Analyzing Ductile and Brittle Failure Vander Voort

From macroscopic standpoint, a ductile failure exhibits the following characteristics

A large amount of plastic deformation precedes the fracture

Shear lips may be present

The fracture may appear to be fibrous, or have a matte or silky texture

The cross section at the fracture may be reduced by necking

Crack growth will be slow

From macroscopic standpoint, brittle fractures are characterized following

Little or no plastic deformation precedes the fracture

The fracture is generally flat and perpendicular to the surface of the component

The fracture may appear granular or crystalline, and is often highly reflective to light

Herringbone, or chevron, patterns may be present

Crack lengthen rapidly, often with a loud noise

The apexes of the chevron point back toward the origin of the fracture

From microscopic standpoint, the brittle fracture is characterized by transgranular cleave, intergranular fracture path, and river marks or tongues

Factors affecting the toughness and ductility of a material are: the stress system, notch sensitivity, size, design, workmanship, and enviornment effects.

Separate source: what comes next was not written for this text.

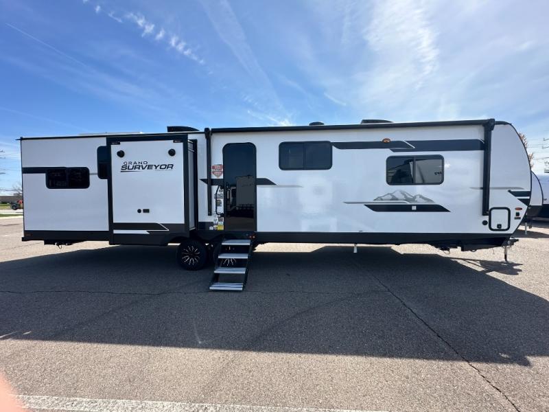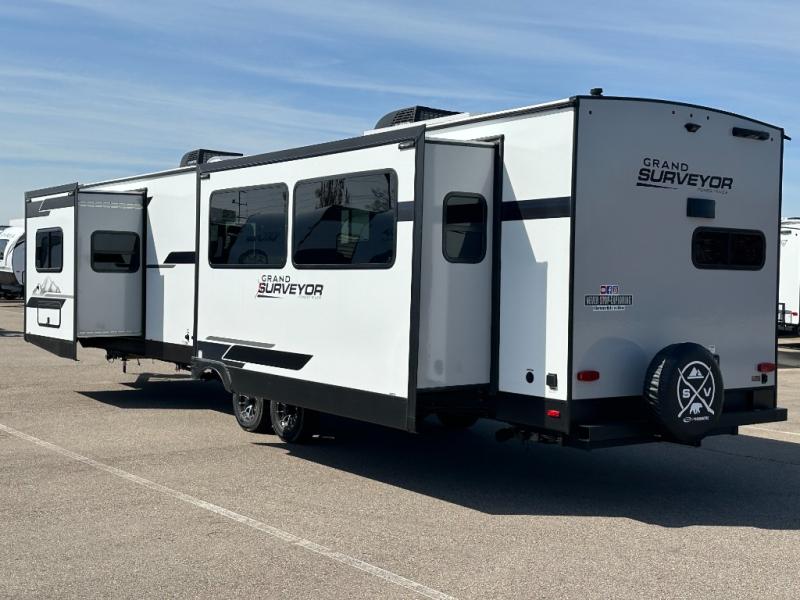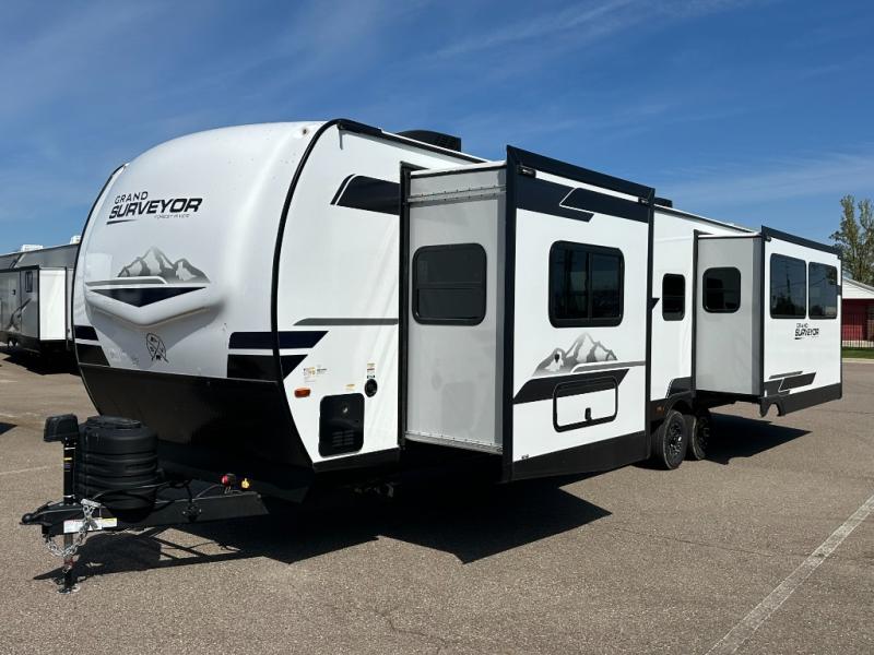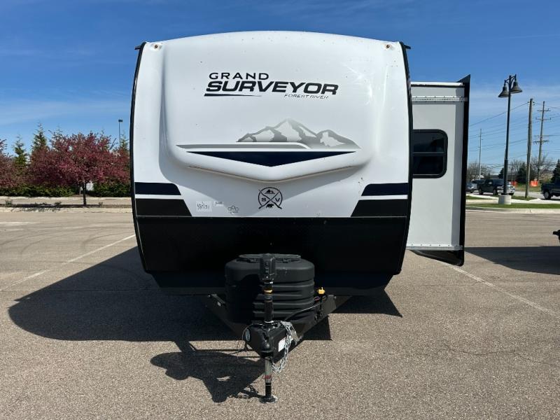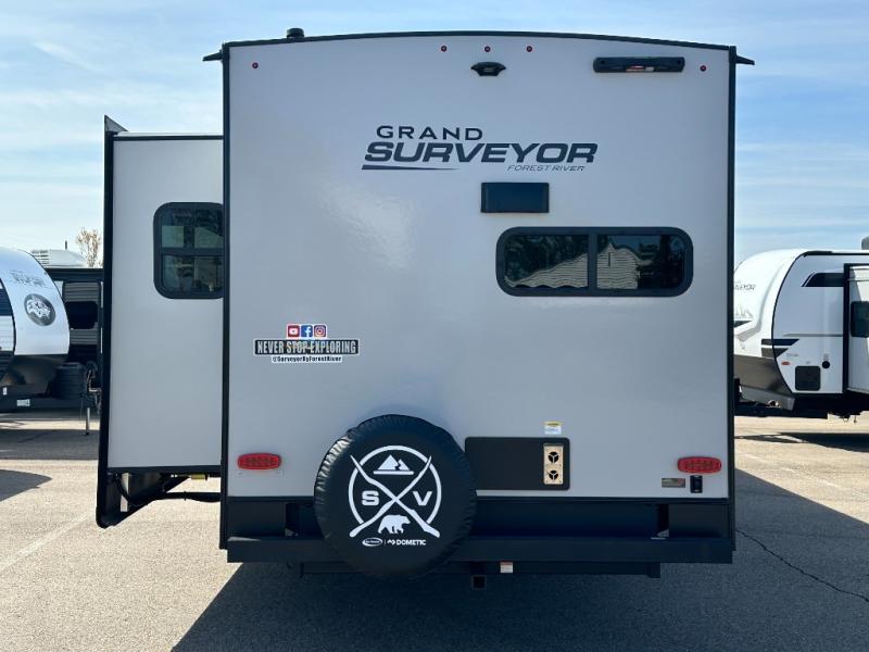 With any Grand Surveyor travel trailer by Forest River you will enjoy turn-key ready-to-go features and quality construction! Each model includes Azdel composite walls and a gel coated fiberglass front cap with an automotive style tinted windshield for a sleek look. There are friction hinge black glass entry door(s), an adjustable platform step with a night light, plus Goodyear tires and a power tongue jack for easy towing. The interior will have you feeling right at home with roller shades, residential faucets, sinks, and bathroom vanity, plus Surf(x) seamless countertops throughout. You can also plan for adventure with a 2" rear accessory and exterior spray port, and there are slam latch baggage doors throughout to keep all your gear secure. Other stand-out features include a central vacuum system, a 200 watt solar panel with a 30 amp controller, a tankless water heater, carpet-free interiors, and the list goes on!

Also of concern are material variables, including chemical composition, grain size, cleanliness, anisotrophy, processing problem, and embrittlement phenomena

Influence of a stress raiser, or concentrator, is much greater for a brittle material than for a ductile material

Aluminium and Silicon when used as deoxidizer to promote fine grain size also improve toughness.

Silicon in excess of that required for fine grain size lower the toughness

Careful control of the oxygen, nitrogen, sulfur and phosphorous contents is also important to prevent loss of toughness

Toughness is raised by refining the grain size of steel ferrite or prior austenite grain size

Steel cleanliness is important in obtaining good toughness. Cleanliness depends on choice of melting procedure; control of residual impurity elements through scrap control, slag control, degassing, or special melting techniques such as electron slag or vacuum arc re-melting (ESR or VAR); and choice of deoxidation process and level of addition. It also important to maintain clean moulds and ladles, minimize erosion of refractories, and avoid or minimize entrapment of slag, scum, or foreign material

In general, steel exhibits the highest when the test sample is oriented parallel to the hot-working direction.

Toughness is lowest when specimen is oriented in the short transverse (through-thickness)

Due to unfavorable carbide morphology, upper bainite generally has poor toughness. Lower bainite exhibits better toughness as the isothermal transformation temperature decreases.